I’ve just made a soap with Pink Grapefruit. I’m pleased with the outcome but find the essential oil hasn’t a very strong smell, I used 2% Has anyone any ideas what other essential oil I could use, maybe using 1% pink grapefruit and 1% of something else? Thanks


----------



## Zing (Jan 23, 2021)

Are you doing cold process soap?  If so, you can go up to 5% according to my go-to guide on usage rates, Find Free Essential Oil Blends - Modern Soapmaking .  Citrus essential oils are hard to "stick" but the folded citrus are better.  I have good luck with Orange 10X.  Also you can pair a citrus with litsea cubeba which works well for me.  Another trick I have not yet tried is to blend your essential oil in kaolin clay a day ahead of soapig.  Good luck!


----------



## Debby (Jan 23, 2021)

Thank you, I think I’ll try the kaolin clay. Do you know whether white clay would work the same? It’s just that I already have a box


----------



## Zing (Jan 23, 2021)

I don't know.  I've never tried it.  I just got my first order of kaolin.


----------



## cheryla7 (Jan 23, 2021)

I love the smell of Pink Grapefruit in soap, but also have a hard time getting it to stick in the soap, I've tried Litsea Cubeba.

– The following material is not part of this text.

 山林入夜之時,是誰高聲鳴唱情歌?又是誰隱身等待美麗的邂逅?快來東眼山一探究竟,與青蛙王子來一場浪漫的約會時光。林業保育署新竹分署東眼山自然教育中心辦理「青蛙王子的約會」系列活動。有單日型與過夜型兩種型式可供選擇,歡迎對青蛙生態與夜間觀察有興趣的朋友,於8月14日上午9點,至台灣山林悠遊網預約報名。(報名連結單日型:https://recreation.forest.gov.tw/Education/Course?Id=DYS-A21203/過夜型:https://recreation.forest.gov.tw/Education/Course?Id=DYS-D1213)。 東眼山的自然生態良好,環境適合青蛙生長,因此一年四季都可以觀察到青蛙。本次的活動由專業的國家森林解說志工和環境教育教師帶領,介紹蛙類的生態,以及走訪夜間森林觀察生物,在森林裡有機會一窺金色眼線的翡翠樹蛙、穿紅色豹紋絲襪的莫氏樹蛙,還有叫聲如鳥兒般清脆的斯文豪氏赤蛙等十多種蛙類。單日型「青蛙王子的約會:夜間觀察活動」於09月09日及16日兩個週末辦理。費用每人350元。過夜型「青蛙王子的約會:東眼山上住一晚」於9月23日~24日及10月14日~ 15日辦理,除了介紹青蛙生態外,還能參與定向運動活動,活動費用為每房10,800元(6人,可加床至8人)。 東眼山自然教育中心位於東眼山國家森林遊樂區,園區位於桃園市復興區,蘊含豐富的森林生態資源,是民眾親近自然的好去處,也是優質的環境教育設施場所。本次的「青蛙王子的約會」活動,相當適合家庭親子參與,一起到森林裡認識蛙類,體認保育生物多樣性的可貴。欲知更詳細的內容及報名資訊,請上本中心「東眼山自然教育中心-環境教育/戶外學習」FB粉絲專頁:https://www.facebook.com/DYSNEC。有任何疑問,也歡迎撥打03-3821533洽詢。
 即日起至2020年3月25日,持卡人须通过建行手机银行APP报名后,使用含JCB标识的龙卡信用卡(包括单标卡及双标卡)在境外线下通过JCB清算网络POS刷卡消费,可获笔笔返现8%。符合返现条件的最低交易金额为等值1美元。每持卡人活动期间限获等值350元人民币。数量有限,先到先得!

Hadn't heard of the Kaolin clay trick but I will try that next time.


----------



## Manor Grove Oils (Feb 20, 2021)

If you looking for essential oils and other natural product check out manorgroveoils.co.uk. we have a wide range of oils and years of experiance


----------



## Botânica Mágica (Feb 25, 2021)

I have the same problem and I am using three different recipes (two of them with clay (pink and green). I am using around 2,5% EO and after some days the scent is very weak. I am trying deep on these subjects and looking for how to improve the scents naturally. If someone knows a bit about that, please give us help or recommend a book about it. thanks.


----------